**YOUR INSTRUCTIONS:** Print the listing below verbatim, passing over each picture.

Top of SUPPLIED INFORMATION

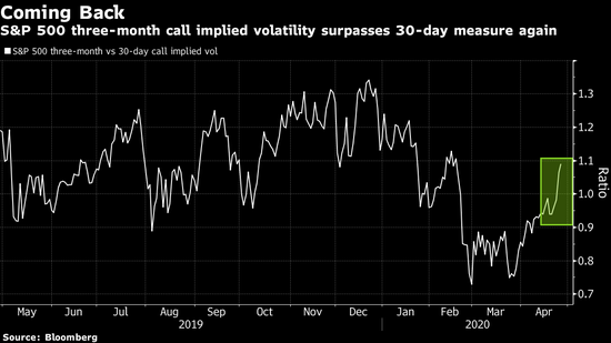 Susquehanna的衍生品策略师Chris Murphy表示,在经历至少一个月的价格倒挂后,一旦波动率曲线恢复上行陡峭的趋势,小型股未来一个月料将跑赢大盘。他建议看好未来几周小型股涨势的投资者买进iShares罗素2000交易所交易基金的5月133美元/138美元的看涨期权价差。
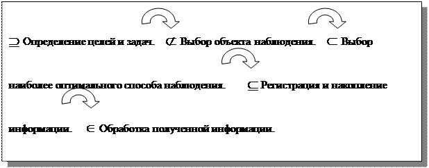 Научное наблюдение определяется как систематический, регулярный сбор информации об изучаемом объекте в соответствии с программой научного изучения проблемы. Таким объектом может быть криминологическая ситуация в определенном районе, микрорайоне, муниципальном образовании и т.д. С помощь такого метода изучается «живое» поведение лица или группы лиц в определенной среде, в коллективе, группе, семье. Процедура наблюдения обычно проходит через следующие стадии:
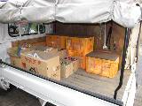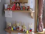 コンテナ5個の中からトールペイントを出し、少しずつ棚に並べていきました。自己紹介のパネルを下げたり、不思議な玩具類も展示したのです。ひな人形も設置して、その横に注文用のハガキも置きました。また、お持ち帰り自由の鉛筆立ても60個ほど置いたのです。2時間ほどで設置が完了しましたが、知人のMさんがやってきて、いつの間にか5個ほどペイントを確保しています。
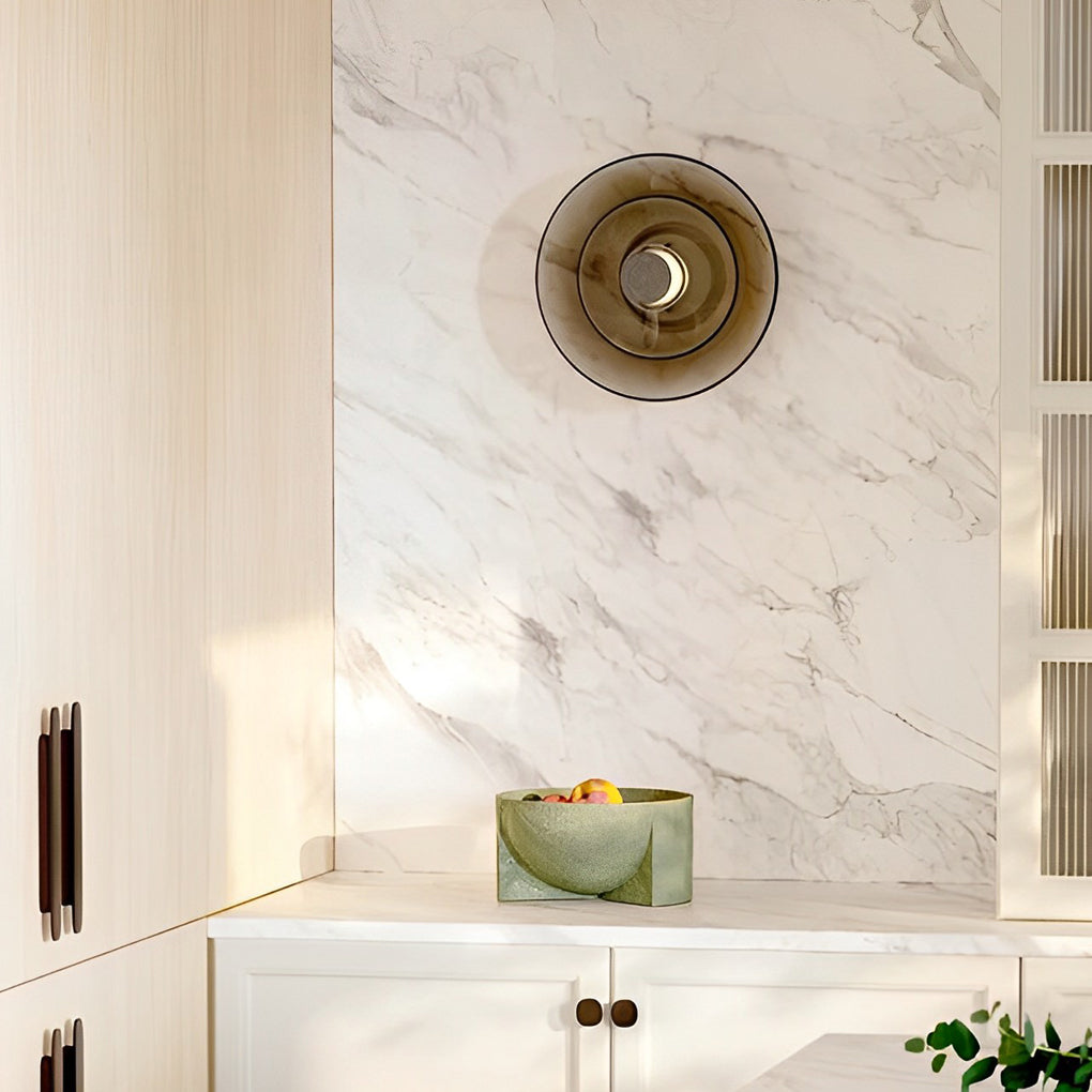 - The round wall light fixture is made of glass and metal materials. and its lamp body is well-crafted and durable. The glass lampshade has high light transmittance and is not easy to break. revealing fashionable taste and showing the warmth of home.

Bottom of SUPPLIED INFORMATION

**RESPONSE BELOW:**
 Susquehanna的衍生品策略师Chris Murphy表示,在经历至少一个月的价格倒挂后,一旦波动率曲线恢复上行陡峭的趋势,小型股未来一个月料将跑赢大盘。他建议看好未来几周小型股涨势的投资者买进iShares罗素2000交易所交易基金的5月133美元/138美元的看涨期权价差。
 Научное наблюдение определяется как систематический, регулярный сбор информации об изучаемом объекте в соответствии с программой научного изучения проблемы. Таким объектом может быть криминологическая ситуация в определенном районе, микрорайоне, муниципальном образовании и т.д. С помощь такого метода изучается «живое» поведение лица или группы лиц в определенной среде, в коллективе, группе, семье. Процедура наблюдения обычно проходит через следующие стадии:
 コンテナ5個の中からトールペイントを出し、少しずつ棚に並べていきました。自己紹介のパネルを下げたり、不思議な玩具類も展示したのです。ひな人形も設置して、その横に注文用のハガキも置きました。また、お持ち帰り自由の鉛筆立ても60個ほど置いたのです。2時間ほどで設置が完了しましたが、知人のMさんがやってきて、いつの間にか5個ほどペイントを確保しています。
 - The round wall light fixture is made of glass and metal materials. and its lamp body is well-crafted and durable. The glass lampshade has high light transmittance and is not easy to break. revealing fashionable taste and showing the warmth of home.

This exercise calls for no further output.